## Problem to solve
Copy the listing as it is written, and leave each picture out.

——————————

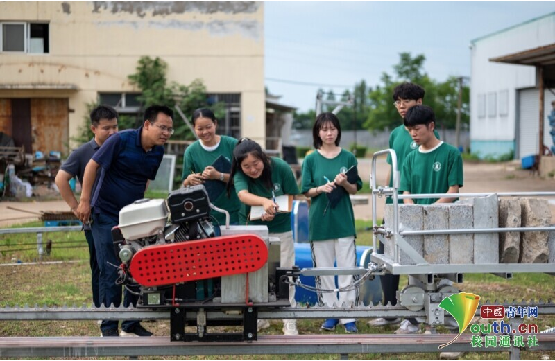 李善军老师在给团队成员讲解全液压动力地盘。中国青年网通讯员 程扬 摄
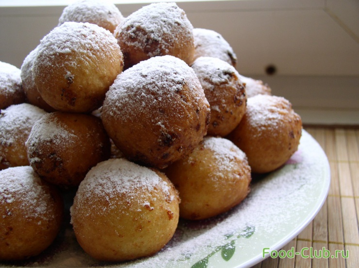 2. В кастрюльке с высокими бортами разогрейте масло для фритюра. Из теста скатайте небольшие шарики, обваляйте их в муке и порциями обжарьте их во фритюре до золотистого цвета.
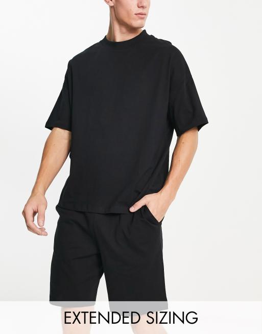 ASOS DESIGN pajama set with oversized t-shirt and shorts in jersey in black
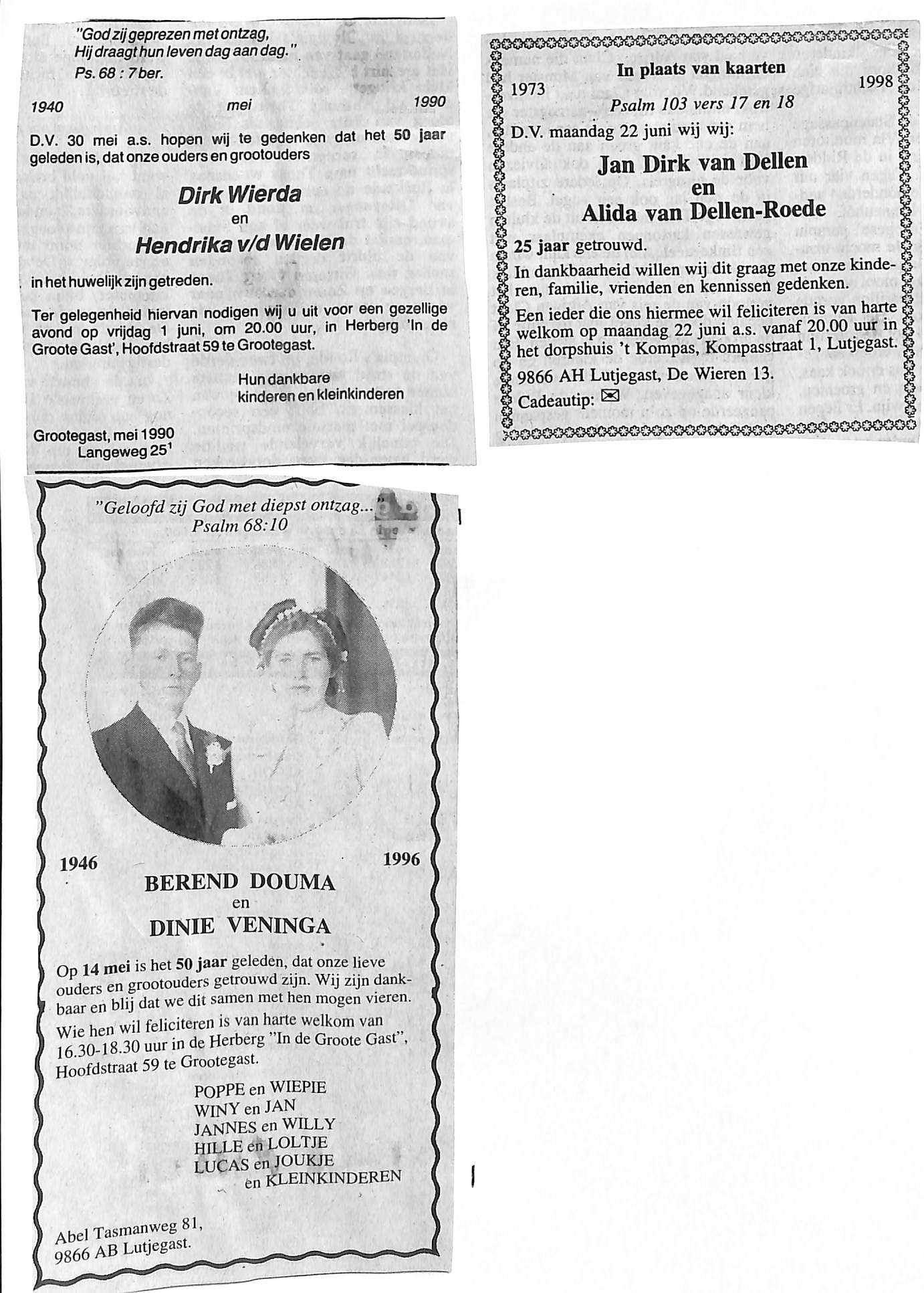 50 jaar getouwd; Dirk Wierda en Hendrika v/d Wielen, Berend Douma en Dinie Veninga
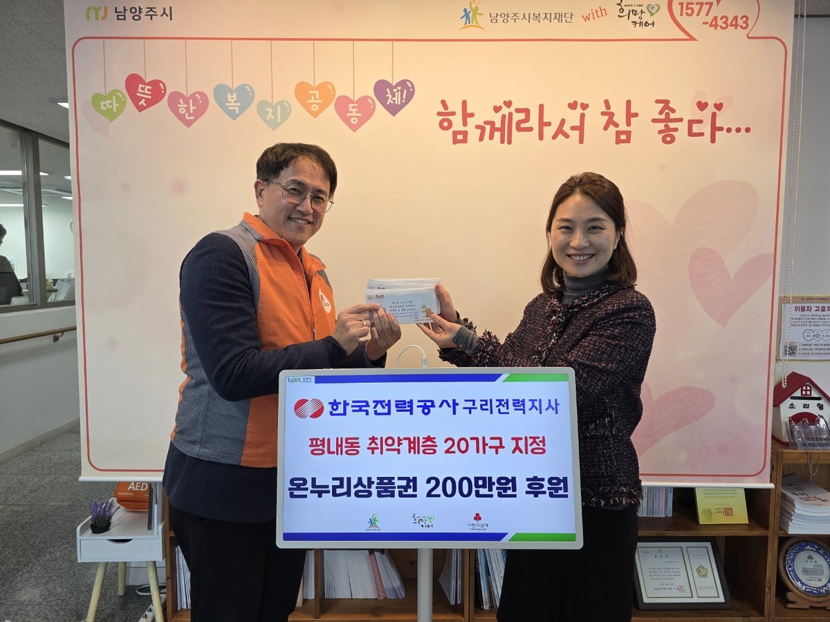 [금요저널] 남양주시는 지난 9일 한국전력공사 구리전력지사가 설 명절을 맞아 평내동 취약계층 지원을 위해 온누리상품권 200만원을 동부희망케어에 전달했다고 밝혔다.
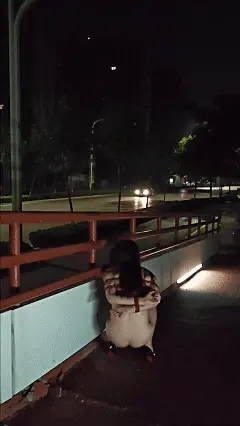 到天桥上后,成群的车流从下面涌过,露露不得不蹲下一步步挪走来躲避不被发现,在走至下桥的路上,差点被路边的电车抓个正着~此时背后也传来路人的说笑声,慌乱中的露露不得不踩着高跟鞋
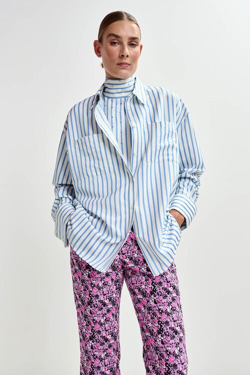 De Essentiel Antwerp Janna striped shirt is een opvallend oversized overhemd met klassieke strepen en een subtiele sparkle. Dankzij de losse, vloeiende fit en de aparte plastron met strasdetail creëer je moeiteloos een gelaagde look die meteen bijzonder aanvoelt.
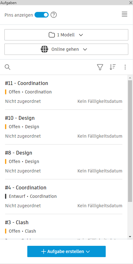 Die neue Aufgabe kann in Docs, Build, Model Coordination und Design Collaboration angezeigt und bearbeitet werden. Klicken Sie auf die Schaltfläche im Menü Aufgabe oder auf die Schaltfläche
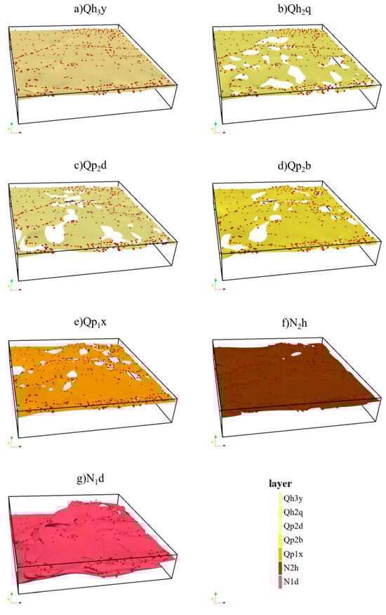 The fit between each modeled stratigraphic surface and its corresponding sampling points is shown in Figure 15, with panels a to g representing seven strata, ordered from youngest to oldest. The modeled surfaces and the sampling points generally align well, with most points overlapping the surfaces. However, a few points lie outside the surfaces due to significant stratigraphic undulations, which make full constraint difficult. The core method for constructing geological models using the PyVista library involves extracting a series of consecutive isosurfaces from the potential field and processing them iteratively, from oldest to youngest. When processing an older stratigraphic surface, the algorithm identifies any younger unconformity surfaces above it that intersect with the current surface. This approach ensures the creation of a layered model that more accurately represents the geological structure. For instance, the voids observed in the Qh2q and Qp2d stratigraphic surfaces in Figure 15 reflect this phenomenon, indicating sedimentary discontinuities or erosional events in geological history. The N1d stratigraphic surface in Figure 13 displays significant vertical folding, which may be attributed to two factors: complex tectonic movements that caused substantial vertical height changes and folding, and the intricate nature of the vertical sampling data for the N1d surface, which may challenge the interpolation algorithm in capturing fine variations, leading to unnatural folds in the stratigraphic layers. Overall, the fitting results and structural features shown in Figure 15 provide important insights for geological modeling, revealing the relationships between strata and their historical evolution, thereby enhancing the understanding of complex geological processes.
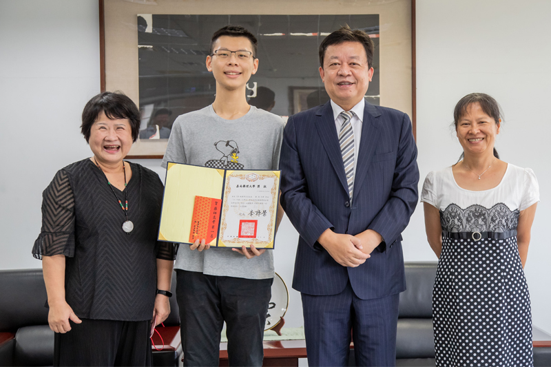 嘉藥藥學系葉鴻同學開心與校長(右二)與院長(左一)及系主任合影
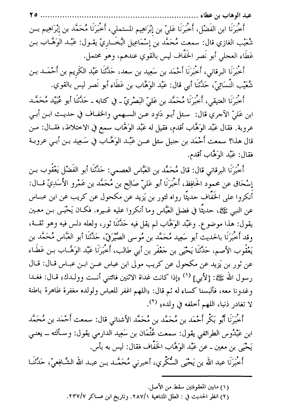 . أَخْبَرَنَا أَبُو بَكْرٍ أَحْمَدُ بْنُ مُحَمَّدِ بْنِ محمد الأشناني قَالَ: سمعت أحمد بن محمد ابن عبدوس الطرائفي يقول: سمعت عثمان بن سعيد الدارمي يقول: وسألته- يعني يحيى بن معين- عن عبد الوهاب الخفاف فقال: ليس به بأس.
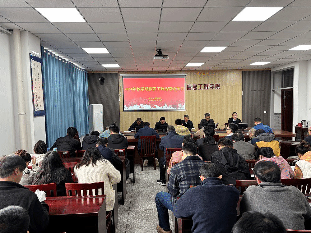 11月20日下午,信息工程学院全体教职工在怀德楼B410会议室开展秋学期第六次常规政治理论学习。本次学习的内容包括:党的二十届三中全会精神学习----《决定》第四部分,构建支持全面创新体制机制;《促进高质量充分就业》习近平,《求是》2024年21期);习近平在中共中央政治局第十七次集体学习关于建设文化强国的重要指示—20241028;《加强文化遗产保护传承 弘扬中华优秀传统文化》(习近平,《求是》2024年第8期)。
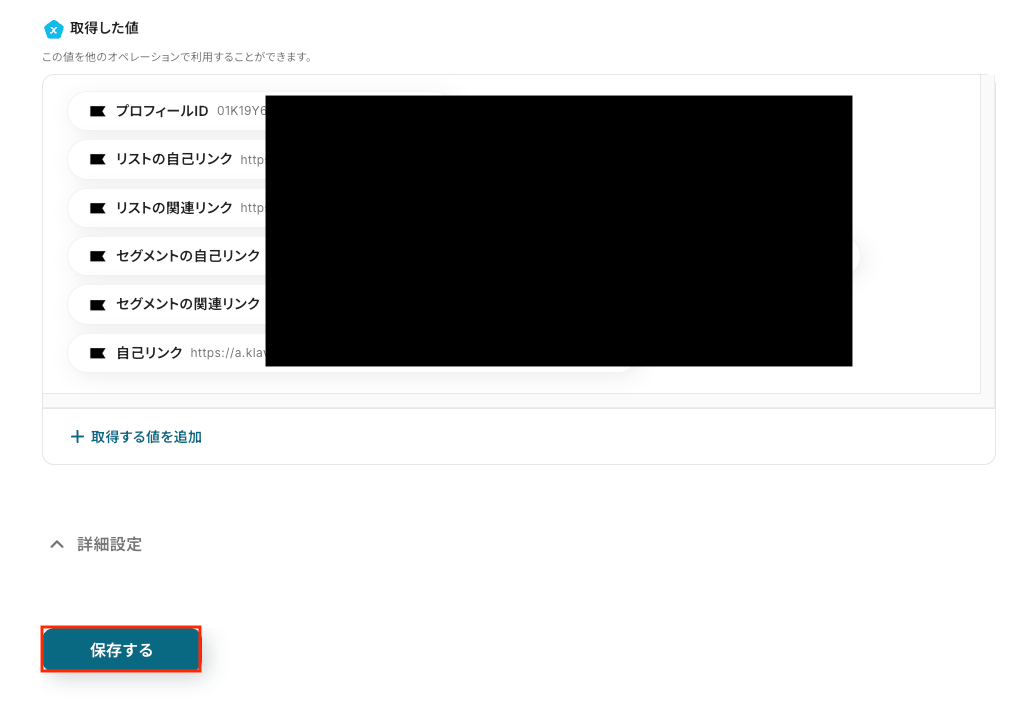 問題がなければYoomの操作画面に戻り、取得した値を確認し「保存する」をクリックします。

——————————

## Your solution
 李善军老师在给团队成员讲解全液压动力地盘。中国青年网通讯员 程扬 摄
 2. В кастрюльке с высокими бортами разогрейте масло для фритюра. Из теста скатайте небольшие шарики, обваляйте их в муке и порциями обжарьте их во фритюре до золотистого цвета.
 ASOS DESIGN pajama set with oversized t-shirt and shorts in jersey in black
 50 jaar getouwd; Dirk Wierda en Hendrika v/d Wielen, Berend Douma en Dinie Veninga
 [금요저널] 남양주시는 지난 9일 한국전력공사 구리전력지사가 설 명절을 맞아 평내동 취약계층 지원을 위해 온누리상품권 200만원을 동부희망케어에 전달했다고 밝혔다.
 到天桥上后,成群的车流从下面涌过,露露不得不蹲下一步步挪走来躲避不被发现,在走至下桥的路上,差点被路边的电车抓个正着~此时背后也传来路人的说笑声,慌乱中的露露不得不踩着高跟鞋
 De Essentiel Antwerp Janna striped shirt is een opvallend oversized overhemd met klassieke strepen en een subtiele sparkle. Dankzij de losse, vloeiende fit en de aparte plastron met strasdetail creëer je moeiteloos een gelaagde look die meteen bijzonder aanvoelt.
 Die neue Aufgabe kann in Docs, Build, Model Coordination und Design Collaboration angezeigt und bearbeitet werden. Klicken Sie auf die Schaltfläche im Menü Aufgabe oder auf die Schaltfläche
 The fit between each modeled stratigraphic surface and its corresponding sampling points is shown in Figure 15, with panels a to g representing seven strata, ordered from youngest to oldest. The modeled surfaces and the sampling points generally align well, with most points overlapping the surfaces. However, a few points lie outside the surfaces due to significant stratigraphic undulations, which make full constraint difficult. The core method for constructing geological models using the PyVista library involves extracting a series of consecutive isosurfaces from the potential field and processing them iteratively, from oldest to youngest. When processing an older stratigraphic surface, the algorithm identifies any younger unconformity surfaces above it that intersect with the current surface. This approach ensures the creation of a layered model that more accurately represents the geological structure. For instance, the voids observed in the Qh2q and Qp2d stratigraphic surfaces in Figure 15 reflect this phenomenon, indicating sedimentary discontinuities or erosional events in geological history. The N1d stratigraphic surface in Figure 13 displays significant vertical folding, which may be attributed to two factors: complex tectonic movements that caused substantial vertical height changes and folding, and the intricate nature of the vertical sampling data for the N1d surface, which may challenge the interpolation algorithm in capturing fine variations, leading to unnatural folds in the stratigraphic layers. Overall, the fitting results and structural features shown in Figure 15 provide important insights for geological modeling, revealing the relationships between strata and their historical evolution, thereby enhancing the understanding of complex geological processes.
 嘉藥藥學系葉鴻同學開心與校長(右二)與院長(左一)及系主任合影
 . أَخْبَرَنَا أَبُو بَكْرٍ أَحْمَدُ بْنُ مُحَمَّدِ بْنِ محمد الأشناني قَالَ: سمعت أحمد بن محمد ابن عبدوس الطرائفي يقول: سمعت عثمان بن سعيد الدارمي يقول: وسألته- يعني يحيى بن معين- عن عبد الوهاب الخفاف فقال: ليس به بأس.
 11月20日下午,信息工程学院全体教职工在怀德楼B410会议室开展秋学期第六次常规政治理论学习。本次学习的内容包括:党的二十届三中全会精神学习----《决定》第四部分,构建支持全面创新体制机制;《促进高质量充分就业》习近平,《求是》2024年21期);习近平在中共中央政治局第十七次集体学习关于建设文化强国的重要指示—20241028;《加强文化遗产保护传承 弘扬中华优秀传统文化》(习近平,《求是》2024年第8期)。
 問題がなければYoomの操作画面に戻り、取得した値を確認し「保存する」をクリックします。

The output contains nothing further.